**DATASET CONTENT:**
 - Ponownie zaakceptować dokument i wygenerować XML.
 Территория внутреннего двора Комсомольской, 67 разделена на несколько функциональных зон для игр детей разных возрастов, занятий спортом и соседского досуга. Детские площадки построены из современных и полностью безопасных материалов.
---
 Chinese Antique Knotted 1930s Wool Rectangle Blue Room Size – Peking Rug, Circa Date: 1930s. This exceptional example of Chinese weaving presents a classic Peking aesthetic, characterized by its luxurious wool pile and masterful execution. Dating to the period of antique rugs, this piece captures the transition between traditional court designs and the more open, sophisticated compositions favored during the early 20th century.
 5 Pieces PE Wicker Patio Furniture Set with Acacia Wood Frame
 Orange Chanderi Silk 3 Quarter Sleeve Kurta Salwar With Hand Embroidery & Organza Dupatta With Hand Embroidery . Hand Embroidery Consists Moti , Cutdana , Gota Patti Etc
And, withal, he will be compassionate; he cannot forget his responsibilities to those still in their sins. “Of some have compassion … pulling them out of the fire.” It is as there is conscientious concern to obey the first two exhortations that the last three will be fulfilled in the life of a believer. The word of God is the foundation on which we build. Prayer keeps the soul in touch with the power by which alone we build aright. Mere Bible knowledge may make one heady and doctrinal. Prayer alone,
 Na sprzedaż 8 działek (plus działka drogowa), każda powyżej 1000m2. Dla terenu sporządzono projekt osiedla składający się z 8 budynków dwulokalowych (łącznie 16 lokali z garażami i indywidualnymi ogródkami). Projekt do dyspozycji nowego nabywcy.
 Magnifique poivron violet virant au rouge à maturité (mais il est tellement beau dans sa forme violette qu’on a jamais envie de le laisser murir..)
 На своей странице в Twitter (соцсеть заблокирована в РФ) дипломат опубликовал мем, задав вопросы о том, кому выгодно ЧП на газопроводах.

**WHAT THE TASK ASKS:** The stretch of entries above that starts with the line containing "And, withal, he" and goes on through the line containing "На своей странице" is to be transcribed exactly, and no other line is to be transcribed.

**TASK OUTPUT:**
And, withal, he will be compassionate; he cannot forget his responsibilities to those still in their sins. “Of some have compassion … pulling them out of the fire.” It is as there is conscientious concern to obey the first two exhortations that the last three will be fulfilled in the life of a believer. The word of God is the foundation on which we build. Prayer keeps the soul in touch with the power by which alone we build aright. Mere Bible knowledge may make one heady and doctrinal. Prayer alone,
 Na sprzedaż 8 działek (plus działka drogowa), każda powyżej 1000m2. Dla terenu sporządzono projekt osiedla składający się z 8 budynków dwulokalowych (łącznie 16 lokali z garażami i indywidualnymi ogródkami). Projekt do dyspozycji nowego nabywcy.
 Magnifique poivron violet virant au rouge à maturité (mais il est tellement beau dans sa forme violette qu’on a jamais envie de le laisser murir..)
 На своей странице в Twitter (соцсеть заблокирована в РФ) дипломат опубликовал мем, задав вопросы о том, кому выгодно ЧП на газопроводах.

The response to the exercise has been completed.